Event Spotlight

by PINC 

CONTEMPORARY READING OF ‘REGRESSION TO DEPENDENCE’ IN THE LANGUAGE OF FERENCZI 

Saturday, April 17, 9:00 am - 12:00 pm, via Zoom 
Register at http://pincsf.org/events 

International Visiting Scholar Hayuta Gurevich reconsiders Winnicott's regression to dependence in light of the groundbreaking work of Sandor Ferenczi. Early developmental trauma is imprinted in the psyche as fragmentation and pathological dissociation, which inevitably arouse survival modes of self-holding.

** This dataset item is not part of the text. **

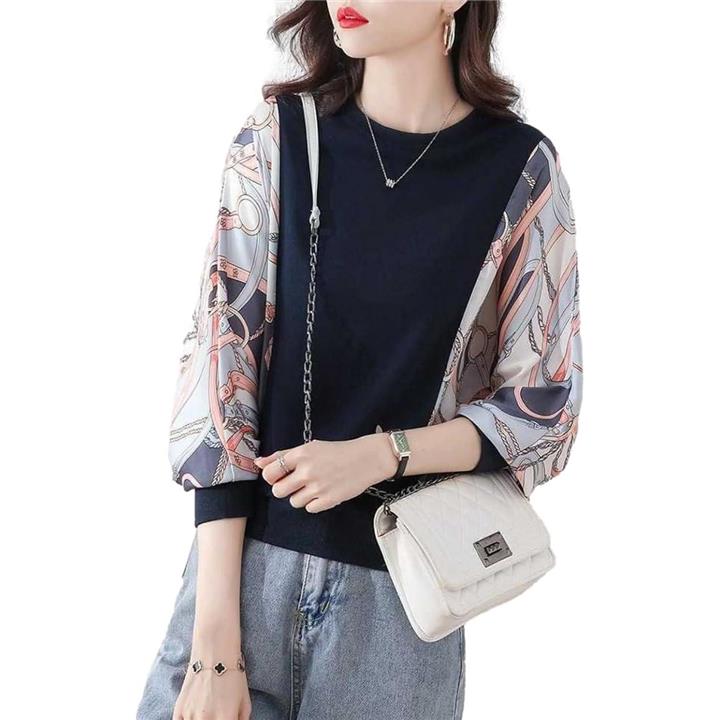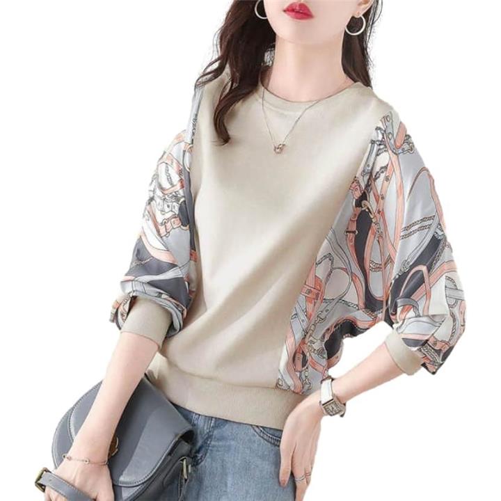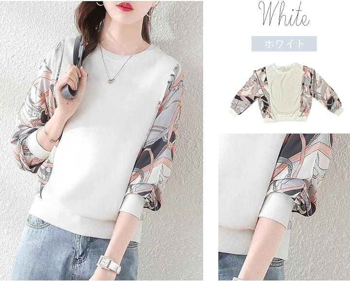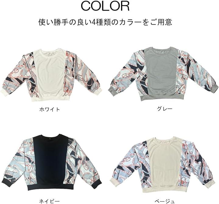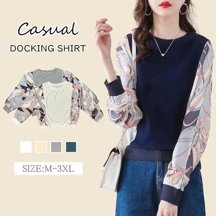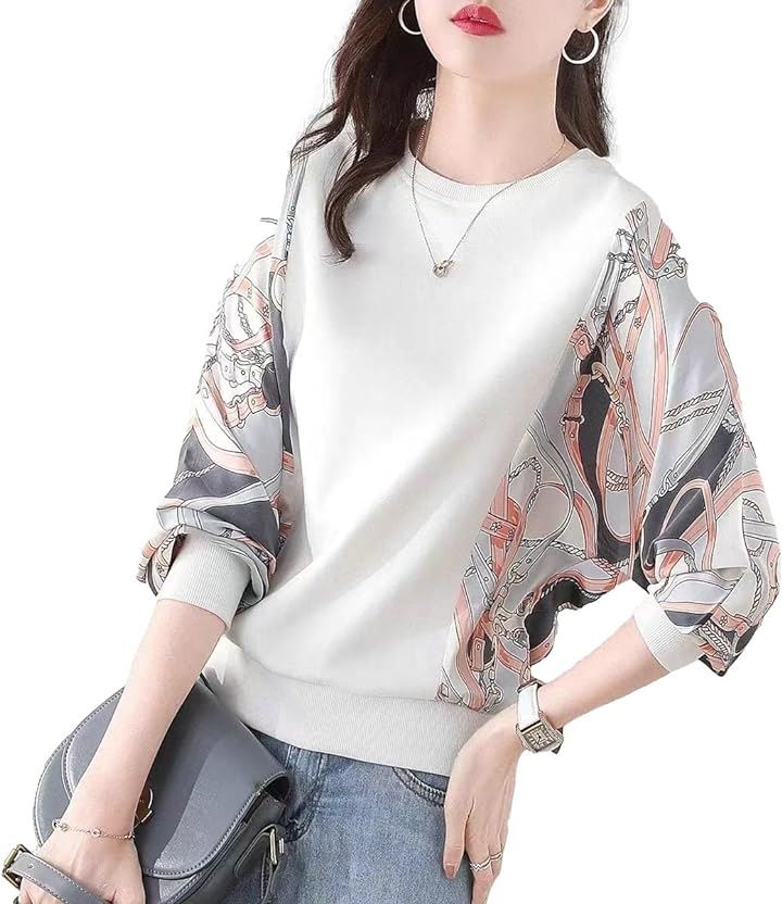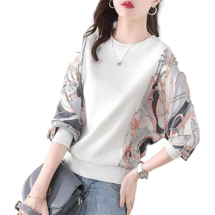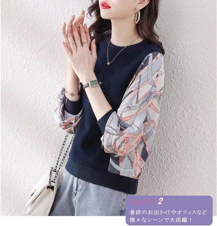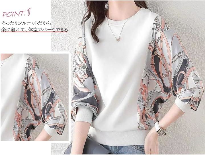 [Lopis] レディース ドッキングシャツ ブラウス 長袖 ドルマンスリーブ スカーフ柄 フェミニン きれいめ エレガント 着痩せ かわいい |
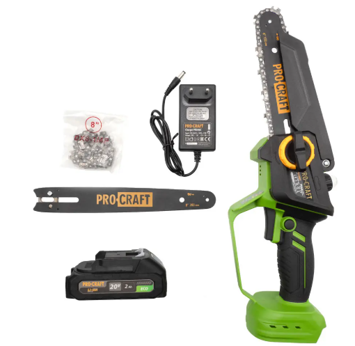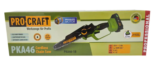Акумуляторна міні-пилка Procraft PKA46 - це сучасний інструмент для садових та господарських робіт. Вона поєднує компактні розміри, невелику вагу (1,8 кг з усією комплектацією) та високу продуктивність. Пила ідеально підходить для обрізання гілок, розпилу дров та дощок, а також для дрібних будівельних та ремонтних завдань.

Winnicott's ideas about 'regression to dependence' suggest that in analysis such regression enables the patient to relinquish self-holding, yet this process revives the early malignant relations with the analyst. Re-reading Winnicott through Ferenczi's conceptualizations, and understanding Ferenczi in hindsight through contemporary theories about the intra-psychic impact of early trauma - may help us deal in analysis with the compulsive repetitions of early malignant relations. The focus will be on enactments in which the analyst is being the 'bad object' in the concrete analytic relationship, and on the need of the patient to work through this repetition in order to enable a development of an ambivalent relation to a 'good object'.